Last time I used it I did have some problems with cloudy water. When I was done dosing I did a 50% water change and my water was fine. I believe 5 days is the max reccomended dosage. So if your water is still cloudy after the water change i would worry it is soething else.


----------



## PygoFanatic (May 2, 2006)

Ex0dus said:


> I have a 5" Manny with tailrot. I have been dosing with Maracyn for 5 days now and my water is getting awefully cloudy. Is it the Maracyn? I have been doing regular water changes and tank maintenance. Just curious if anybody else has experienced this. Many thanks,
> 
> Sincerely,
> 
> Tom


Tom,
How bad was the finrot? Usually clean water is enough to clear it up. Sometimes it takes clean water, raised temp and some salt. Rarely is finrot that bad that antibiotics are needed. Maracyn is a very mild antibiotic. 
Last time I used it I did have some problems with cloudy water. When I was done dosing I did a 50% water change and my water was fine. I believe 5 days is the max reccomended dosage. So if your water is still cloudy after the water change i would worry it is soething else.
[/quote]

Tailrot was...bad. The fan portion of his tail is completely depleted. All that is remaining is his tail stub or whatever you would call that. It seems to have hampered his swimming only slightly, as it appears as though his tail isnt as efficient for movement as he is used to (obviously). I already did a 25% water change today. Would it hurt to do the 50% right now? Also, Maracyn can be repeated for another 5 day cycle per the box instructions. Is that something I should avoid? I have had someone whom I highly trust recommend Maracyn to me at a pet store (I truly believe him because his store doesnt even sell the stuff).

On a totally unrelated note, I just checked out my other tank, and my crayfish has switched up shells.

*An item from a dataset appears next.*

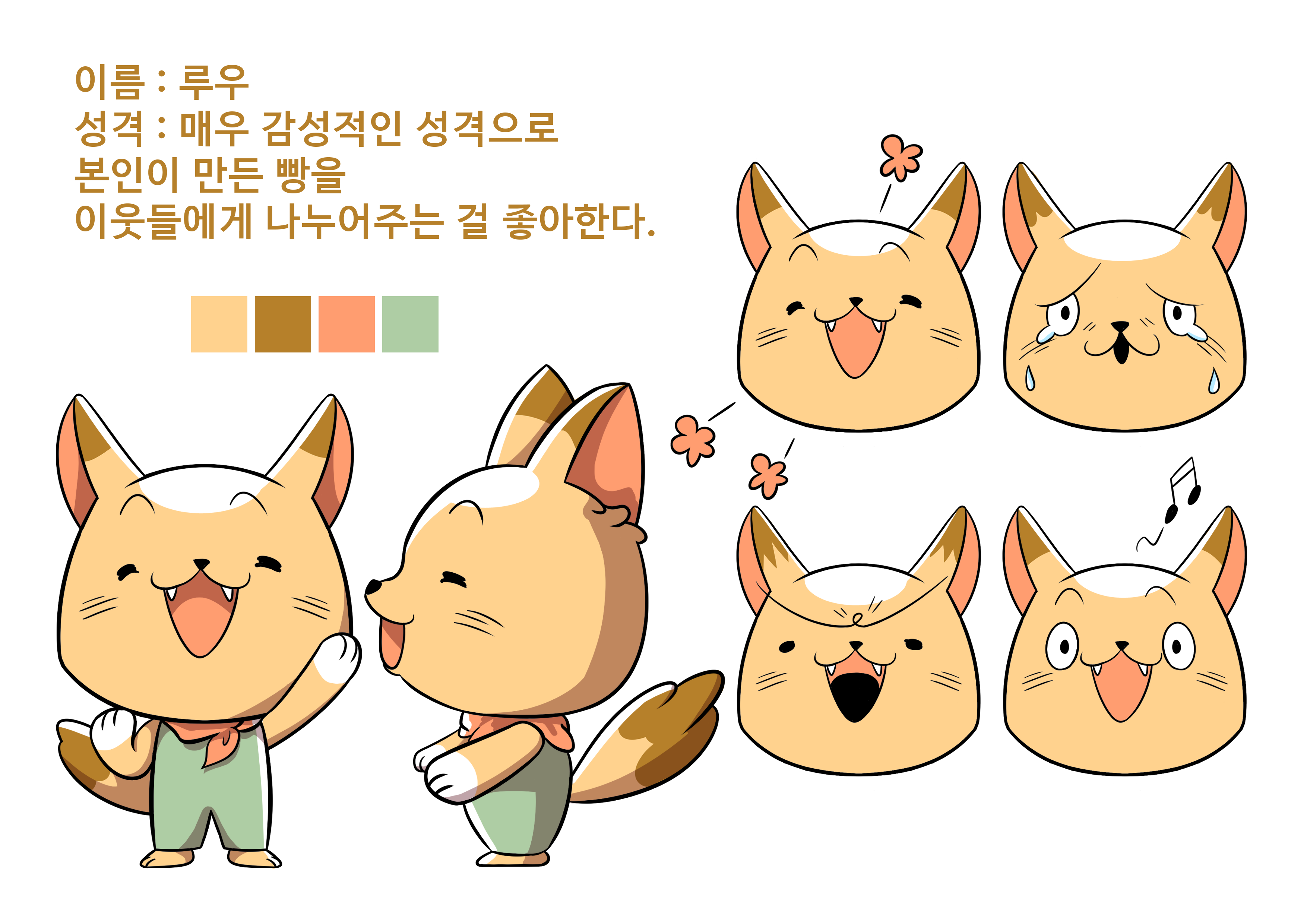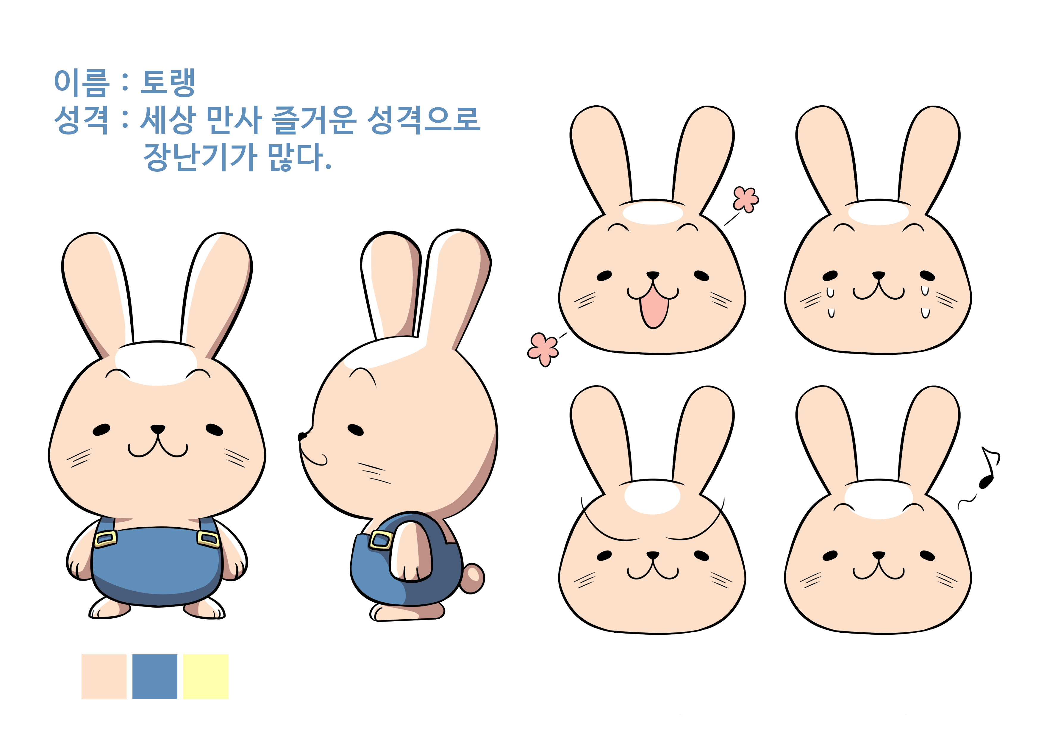 제가 이 수업에서 완성시킨 웹툰은 ‘토랭’ 이라는 토끼가 주인공으로 친구 여우 ‘루우’의 생일파티에 갔다가 선물로 인해 일어나는 해프닝을 그린 코믹 웹툰이었습니다. 각 캐릭터 설명을 간단하게 드리자면, 토끼 ‘토랭’은 세상 만사 즐거운 성격으로 장난기가 많은 친구예요. 여우 ‘루우’는 매우 감성적인 성격으로 본인이 만든 빵을 이웃들에게 나누어 주는 걸 좋아하는 친구고요. 마지막으로 새 ‘모앵’이는 평소 차분한 성격이지만 선을 넘는 일이 생기면 매우 언짢아 하며 기분이 변하는 캐릭터랍니다.

At first, I thought my Pygos got abusive, but upon further review, it was just the old shell. Kinda cool if youve never seen that before.....

Sincerely,

Tom


----------



## Ex0dus (Jun 29, 2005)

Me personally would put the fish in a hospital tank, raise the temp to 84-85degrees and dose 1tbs of PREDISOLVES salt per 10gallons. I would keep up on a 30%+ water change daily (make sure that the water is preheated because drastic temp chnages can kill the fish). I know its very fustrating. Ive been in your shoes and I knew what I had to do but it was nice to hear a reassuring voice in some of the people on the site.

Tom,
btw, have you found the cause of the tailrot? stress? water conditions? shipping(stress)?


----------



## PygoFanatic (May 2, 2006)

Ex0dus said:


> Me personally would put the fish in a hospital tank, raise the temp to 84-85degrees and dose 1tbs of PREDISOLVES salt per 10gallons. I would keep up on a 30%+ water change daily (make sure that the water is preheated because drastic temp chnages can kill the fish). I know its very fustrating. Ive been in your shoes and I knew what I had to do but it was nice to hear a reassuring voice in some of the people on the site.
> 
> Tom,
> btw, have you found the cause of the tailrot? stress? water conditions? shipping(stress)?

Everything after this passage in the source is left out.